Research priority 3.1: how do dryland ecosystem services change across space and time?

Dryland ES have high spatial and temporal variability due to the high variability in natural and social conditions, such as ecosystem type, climate, extreme events or disturbances, and economic development level. Enhancing our ability to model and predict the changes in these services across different scales in space and time is pivotal. This involves refining model structures, incorporating modules or parameters that account for the unique characteristics of dryland ecosystems, and generating more reliable estimates of ES at the local level. The research frontier includes biophysical modeling of ES at multiple scales, ES valuation not limited to monetary value, identification on the key drivers of ES change, and then simulating ES change in future scenarios.

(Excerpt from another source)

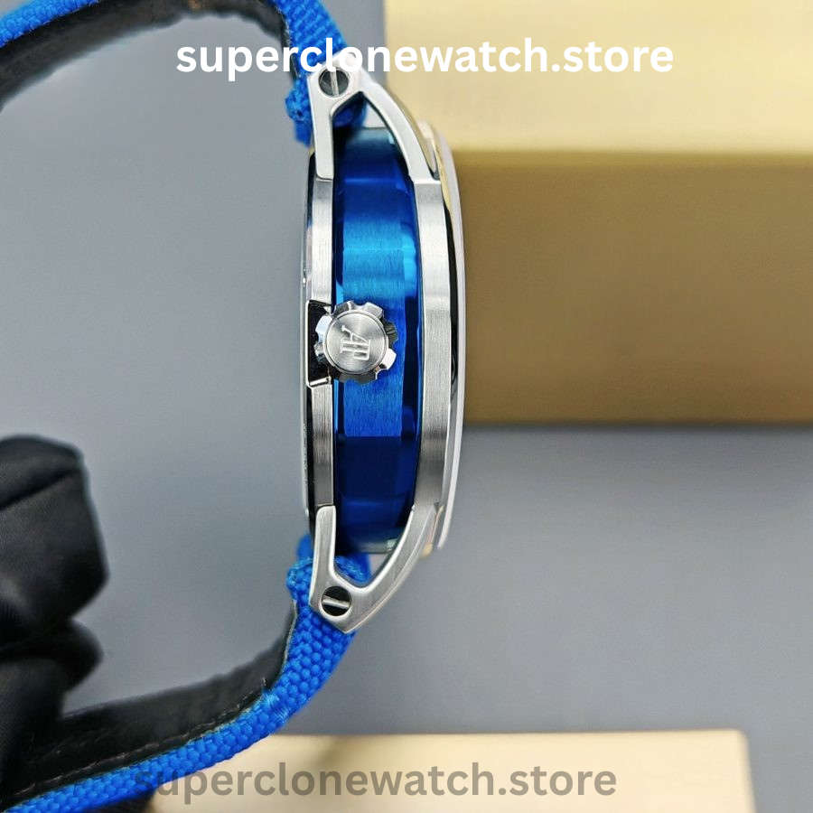 Inspired by Audemars Piguet’s design language, the octagonal case middle is finished with pronounced brushing and refined polished chamfers for contrast.

Research priority 3.2: what are the interactions between multiple ecosystem services and supply–demand relationships?

Understanding the trade-offs and synergies resulting from interactions among various ES is essential for devising adaptable land use strategies within dryland SESs. Due to the spatial heterogeneity of ecosystems and population distribution in drylands, both the supply and demand of ES have high spatial variability (Castro et al 2014). With spatially heterogeneous and temporally dynamic human needs, the trade-offs between ES and people can be exacerbated, causing complex interactions among multiple beneficiaries, locations, and human generations. Therefore, the research frontier is to explore all the potential tradeoffs among the multiple dimensions of human demand for ES, particularly considering the future needs for ES under dryland environmental change; as well as to understand the supply–demand mismatches of dryland ES at different scales, and then track the potential dryland ES flows that depend on socioeconomic and environmental teleconnections.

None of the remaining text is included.